Reflecting back now on what was a very difficult few years, I can see how coping with death in the family can cause splits, tension and so much expectation and it really made me think about how we all grieve differently. When my mum died, I was still looking after a two-year old boisterous little boy who needed my attention and being a freelancer, I had to keep working so I kept myself very busy during that period thinking that time would be a healer, but it was only when my younger sister died just two years later, I took a couple of weeks off from everything to stop, pause, reflect and try to come to terms with both losses.

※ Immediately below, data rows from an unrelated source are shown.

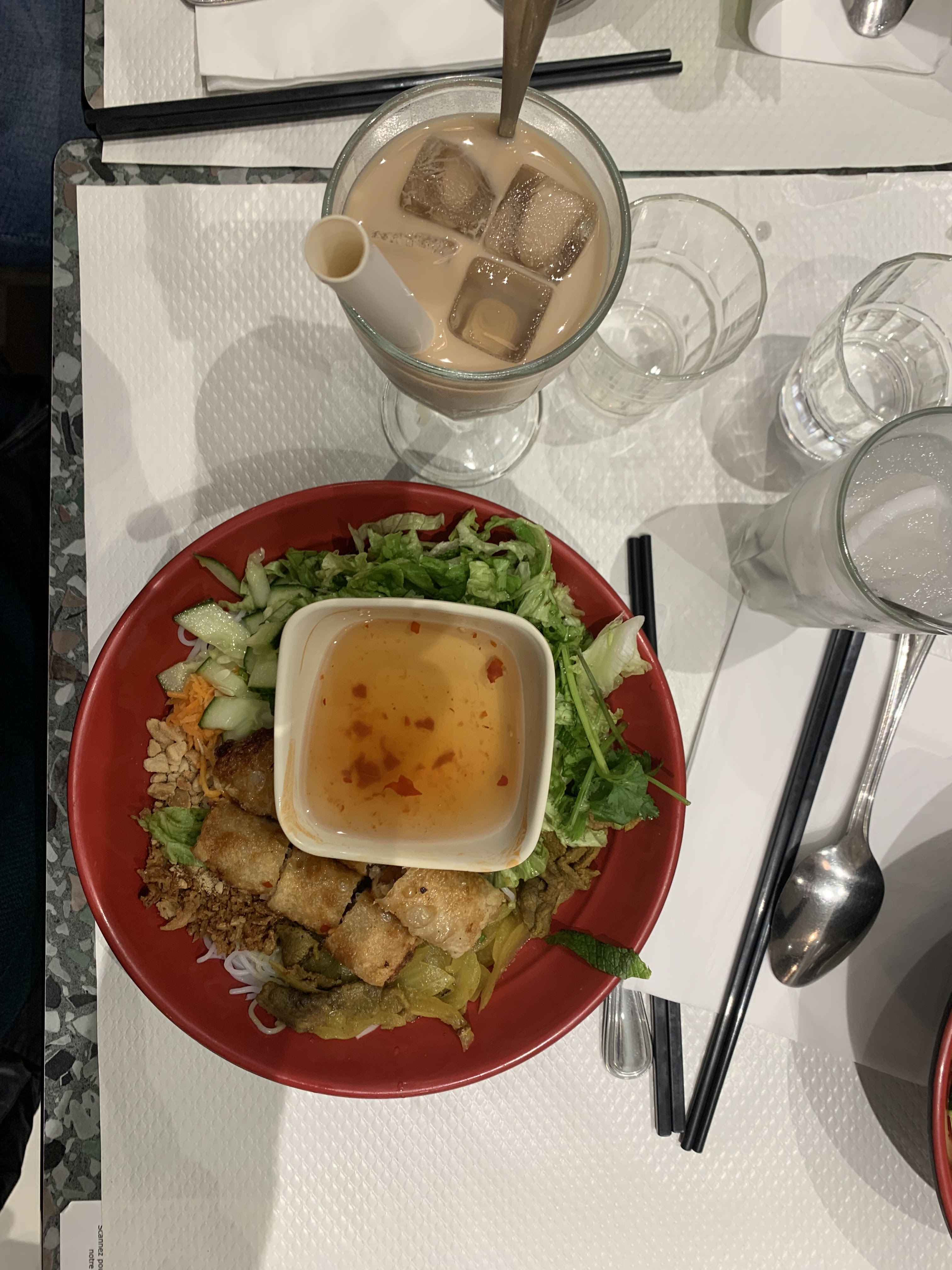 Excellent ! Une véritable surprise et un grand coup de coeur pour ce restaurant vientamien découvert par hasard. Le bò bún est excellent et généreux ; le bubble tea est également tout aussi délicieux. La salle peut sembler un peu petite et chargée en période de rush mais, malgré celà le personnel a réussi à nous trouver une table et à fournir un service plus que rapide ! Nous n'avons presque pas eu d'attente alors que le service battait son plein.
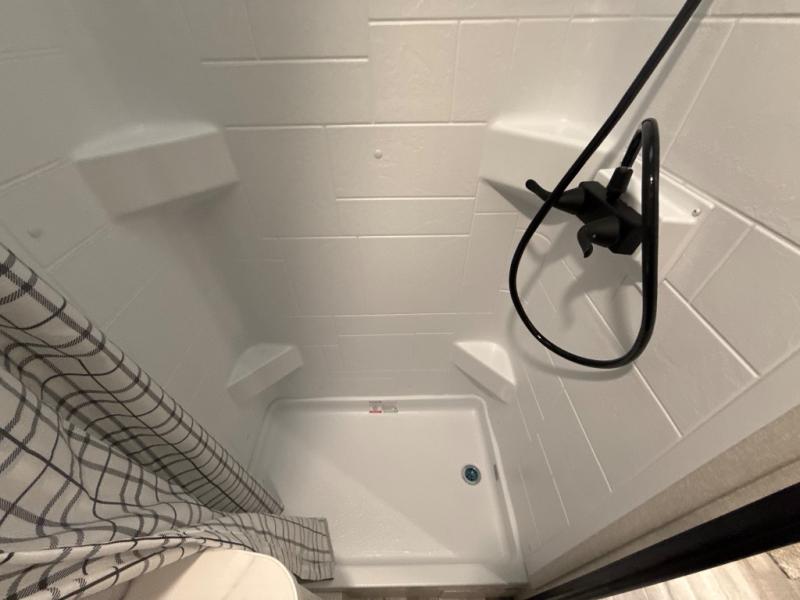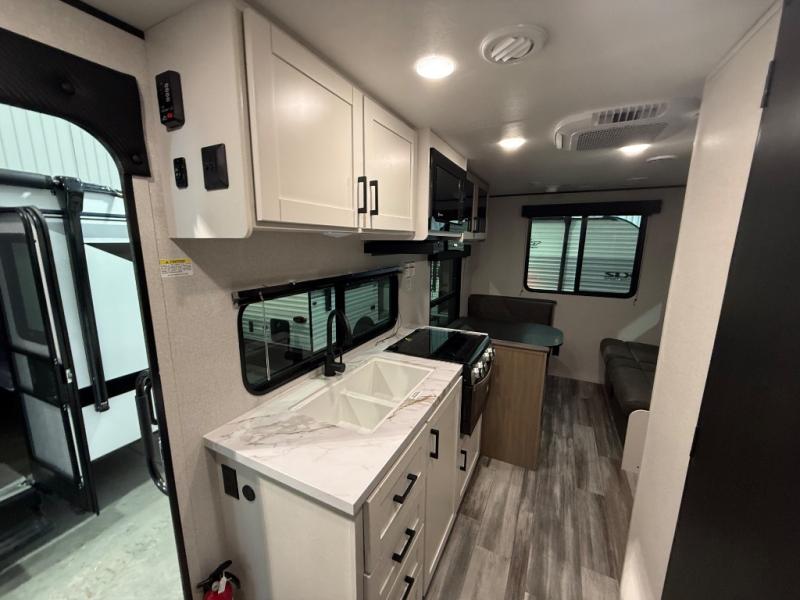 Camping in the woods is just what the doctor ordered and this trailer will provide all the interior comforts you need! There is a three burner cooktop and a microwave oven to prepare meals each day, plus an 8 cu. ft. 12V refrigerator for cold items. After your meal is made, you can dine at the booth dinette or relax on the jack-knife sofa, and these areas can become sleeping space for two to three guests at night. The full bath with a shower means you won't have to use the camp's facilities and the 16' power awning will provide protection from the sun as you visit with other campers!
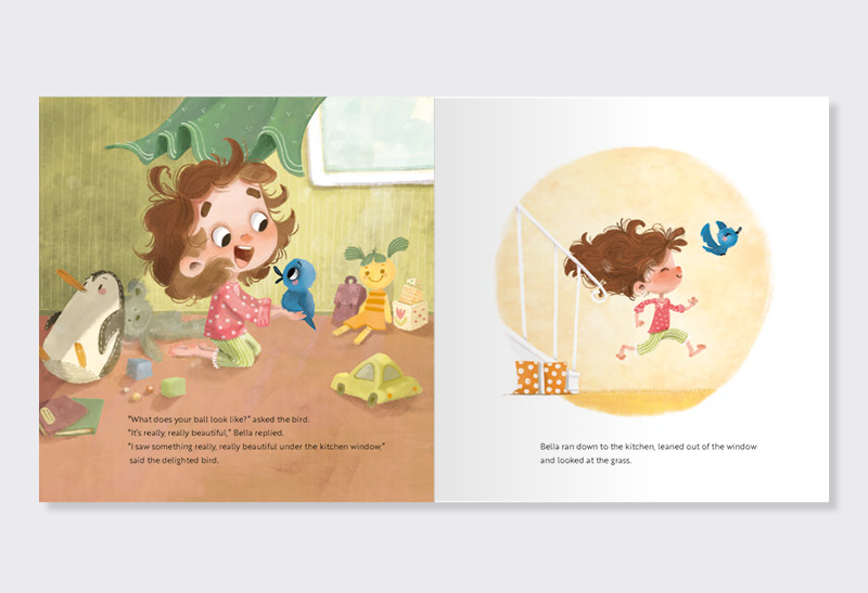 The sun is lovely and warm, so Bella runs outside to play with her ball. But where has it rolled to? With the help of a butterfly, Mitzi the cat, Ally the dog and an inquisitive bunny hopping around the garden, will Bella be able to find it?
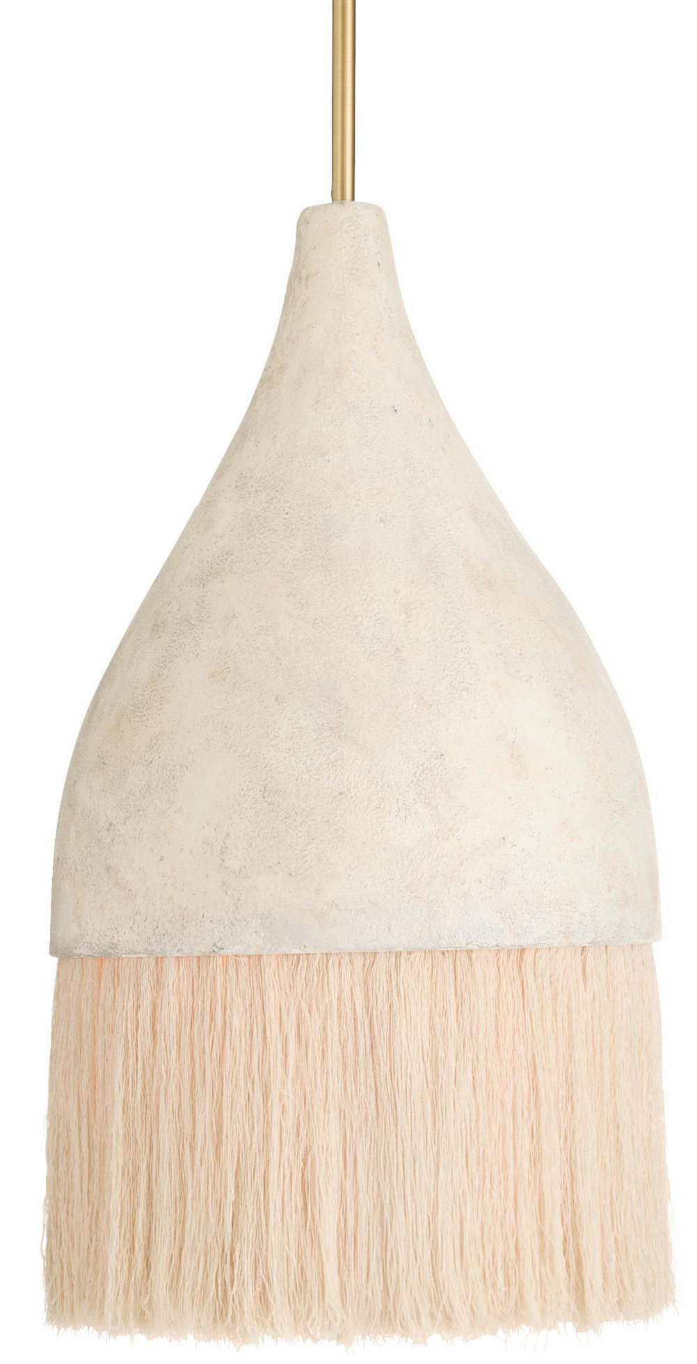 The Marley Pendant brings a calming Zen to your interior space. The slim stem holds a paper shade with bleached natural cotton fringe allowing warm shadows of light across your area.

My older sister took it differently and couldn’t understand how I kept going after the initial loss of our mum even though I tried to explain that we all grieve in our own way and there is no clear-cut grieving process that we should all follow. Of course I struggled but I didn’t feel the need to phone her every time I cried or had a wobbly moment to convince her that I, too, was in pain. She judged me entirely on what she believed I should be feeling and doing (or ‘not doing’ which was the ultimate sign that I was finally breaking).
Seeking bereavement counselling
As I’m the type of person who thrives on keeping busy, I also made myself continue with hobbies that I knew helped me to improve my mood including exercising and singing. Despite barely having time to think about anything, I finally hit a wall when my little kitten also died (whom I had bought to comfort me after my losses) and I then accepted that I wasn’t coping with the innate sadness I felt so frequently and finally sought help through bereavement counselling but it was on my terms and when I was ready, nobody else could tell me (although my husband did recognise and suggest that I seek professional help as he knew that his support wasn’t enough for me).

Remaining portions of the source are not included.